Abstract

Exchange rate surveillance has always been at the core of the IMF’s responsibilities. Throughout its existence, the Fund has striven to strengthen its framework for assessing exchange rates, adapting it to underlying macroeconomic and financial developments in member countries. As part of this mandate, since the mid-1990s the IMF Consultative Group on Exchange Rate Issues (CGER) has provided exchange rate assessments for a number of advanced economies from a multilateral perspective, with the aim of informing the country-specific analysis of the IMF’s Article IV staff reports and fostering multilateral consistency. These assessments are additional tools at the disposal of the IMF staff country desks, which are responsible for formulating exchange rate assessments as part of the Fund’s bilateral surveillance, another of the IMF’s core responsibilities.

Exchange rate surveillance has always been at the core of the IMF’s responsibilities. Throughout its existence, the Fund has striven to strengthen its framework for assessing exchange rates, adapting it to underlying macroeconomic and financial developments in member countries. As part of this mandate, since the mid-1990s the IMF Consultative Group on Exchange Rate Issues (CGER) has provided exchange rate assessments for a number of advanced economies from a multilateral perspective, with the aim of informing the country-specific analysis of the IMF’s Article IV staff reports and fostering multilateral consistency. These assessments are additional tools at the disposal of the IMF staff country desks, which are responsible for formulating exchange rate assessments as part of the Fund’s bilateral surveillance, another of the IMF’s core responsibilities.

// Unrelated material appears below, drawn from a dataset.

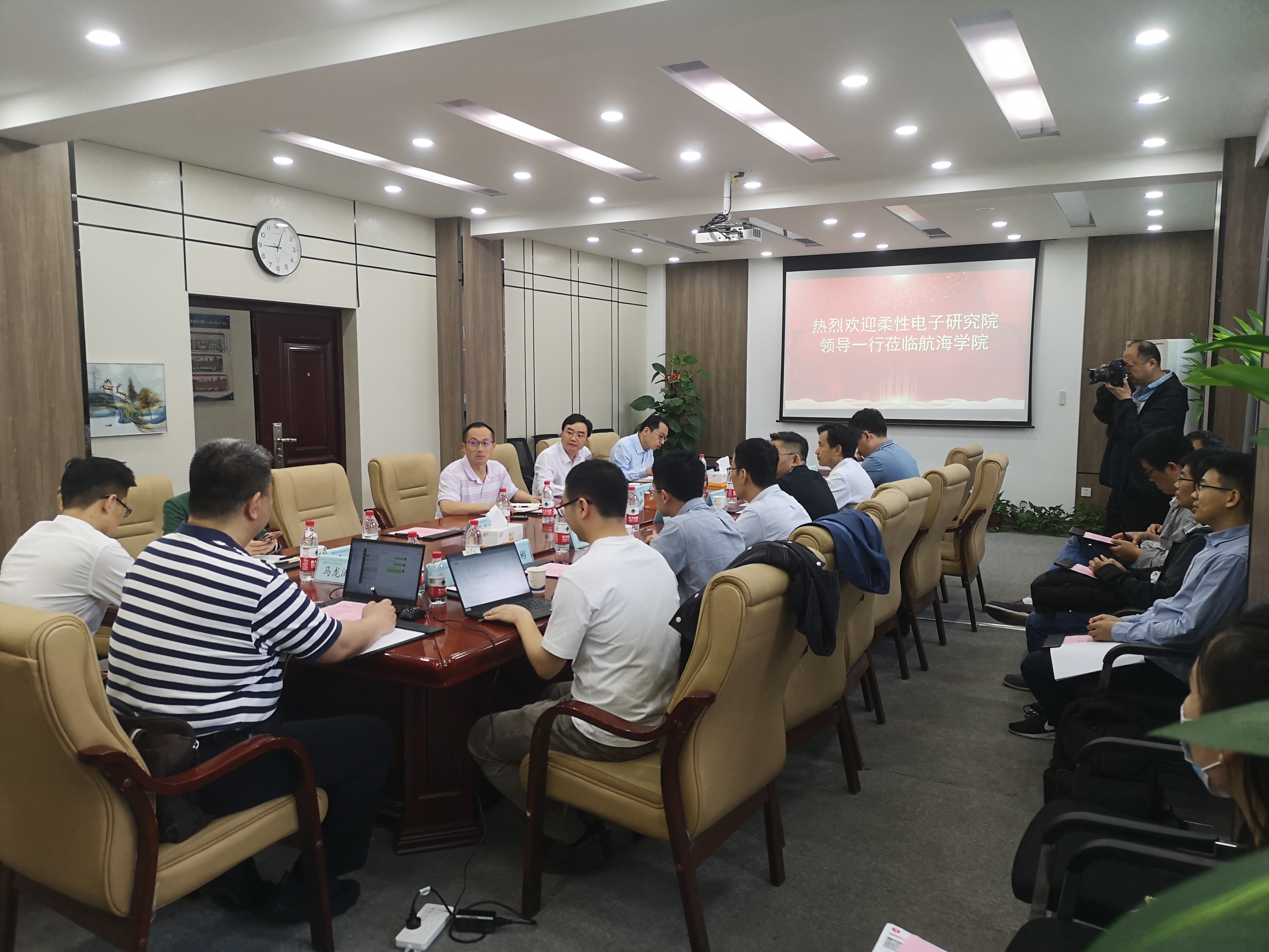 孙华强首先对柔电院教师一行表示欢迎,对柔电院近些年来取得的发展表示肯定,并希望学校最新成立的海洋研究院,要学习柔电院的建设经验,加快推动海洋研究院的全面建设,同时希望365英国上市公司官网和海洋研究院进一步加强与柔电院在基础研究、学科建设、青年教师培养方面的交流和合作。随后高建伟介绍了本次交流的目的,希望进一步了解航海领域的最新发展趋势和应用需求,使柔电院教师的研究能够更加满足学校和国家发展需求。

The role of exchange rates in the external adjustment process is increasing as the world economy rapidly becomes more integrated. During the past 15 years, world trade and international financial integration have grown very rapidly, with the ratio of world trade to world GDP increasing by over 40 percent and the ratio of international financial cross-holdings to world GDP more than doubling. Emerging market countries have contributed significantly to these developments, as witnessed by the increase in their share of world trade— from 27 percent in 1990 to 40 percent in 2006—as well as by their importance in international capital flows.

Accordingly, this paper presents revised and extended methodologies for exchange rate assessments covering not only advanced countries—as in the past—but also emerging market countries. The three complementary methodologies are a “macroeconomic balance” approach, a reduced-form “equilibrium real exchange rate” approach, and an “external sustainability” approach. They are discussed briefly in the remainder of this section, and presented in more detail in Sections II, III, and IV below. The focus of this paper is on methodological issues that could underpin exchange rate assessments rather than on the assessments themselves. Exchange rate assessments are ideally based on the notion of equilibrium, that is, consistency with external and internal balance over the medium to long run. In practice, most empirical studies relate the real exchange rate or trade flows to their observed determinants on the basis of reduced-form relationships.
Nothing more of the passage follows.